• To do:
With the pictures left out, reproduce exactly the lines from the one containing "12.В какой стране умер Антон Павлович" through the final line of the entries.

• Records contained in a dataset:

= Beginning of Section =

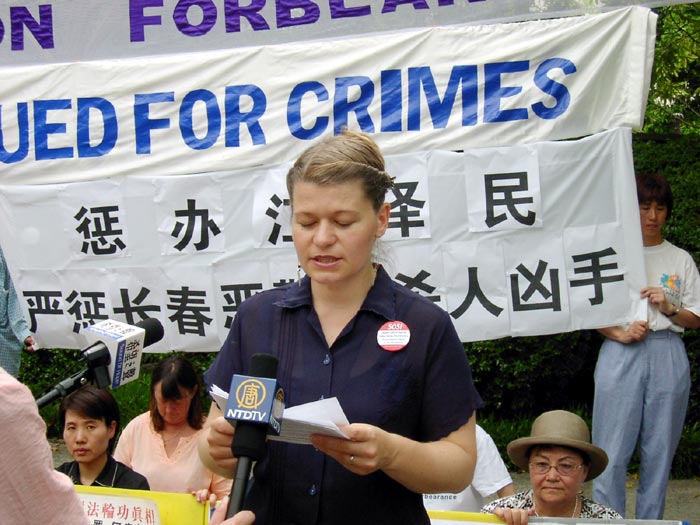 最后,瓦内莎卡引用法轮功学员周世雨博士的一段话,“从历史的教训中我们懂得了,在邪恶面前,我们必须站出来说话,不管结果如何。沉默只能纵容残暴。”
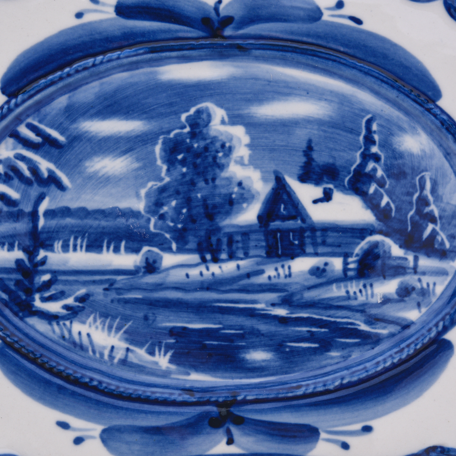 Тарелка декоративная "Зима в деревне". Гжель
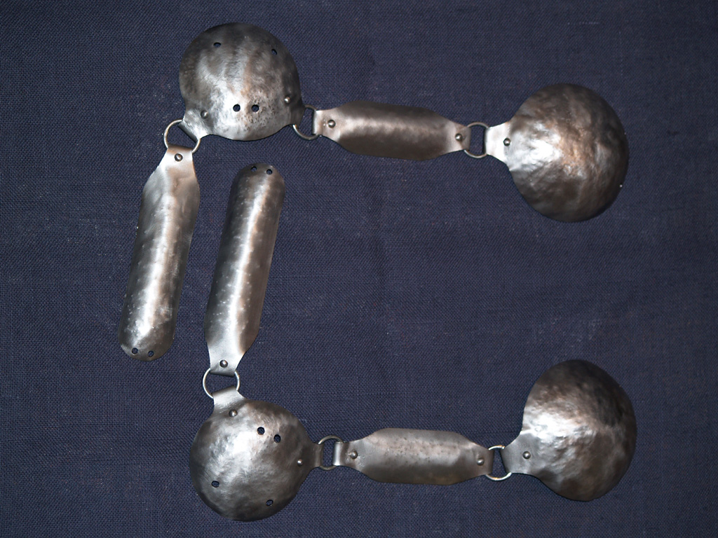 Il presente manufatto è un vero e proprio prototipo. Si trattava di realizzare una protezione per le braccia efficace ed economica per un fante leggero. Così la scelta è ricaduta su una tipica armatura a stecche del Tre-Quattrocento.
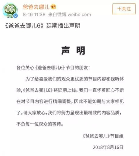 然而属于《爸爸去哪儿》的高光时刻却在2018年的暑期戛然而止。8月15日,官方微博还在推送第六季的宣传物料,并@了陈小春、杨烁、包贝尔、耿乐、何猷君等节目嘉宾,8月16日却在距离播出只剩20分钟的时候发布了延期声明,表示需要“对节目内容进行精细调整”。谁都没有想到,这次延期变成了遥遥无期,《爸爸去哪儿》的微博也至此没有再更新过。
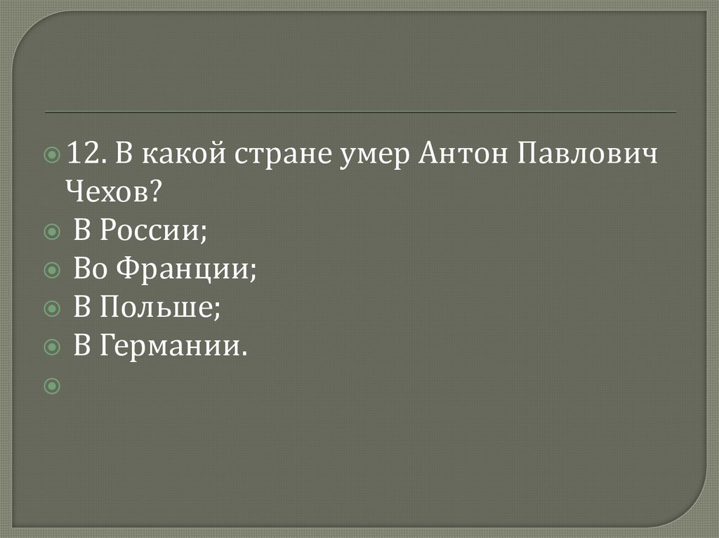 12.В какой стране умер Антон Павлович
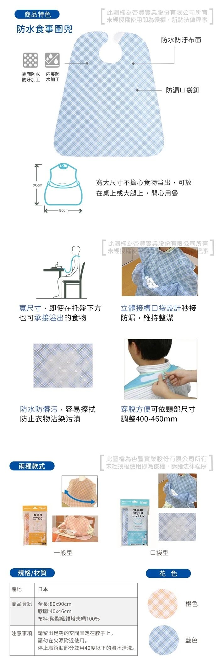 【海夫健康生活館】HEF TacaoF幸和 食事用防水圍兜 口袋型藍色(R317)
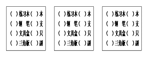 练习本每本0.5元,钢笔每支8元,文具盒每只12元,三角板每副3元,小刚带了20元钱,准备买其中的三种不同的文具,(其中每种文具可以买多件)。请你根据以上要求设计三种不同的购物方案。在下面相应的货物前的括号中打上√,并在后面的括号中填上相应的数量)

= End of Section =

• Solution to the problem:
 12.В какой стране умер Антон Павлович
 【海夫健康生活館】HEF TacaoF幸和 食事用防水圍兜 口袋型藍色(R317)
 练习本每本0.5元,钢笔每支8元,文具盒每只12元,三角板每副3元,小刚带了20元钱,准备买其中的三种不同的文具,(其中每种文具可以买多件)。请你根据以上要求设计三种不同的购物方案。在下面相应的货物前的括号中打上√,并在后面的括号中填上相应的数量)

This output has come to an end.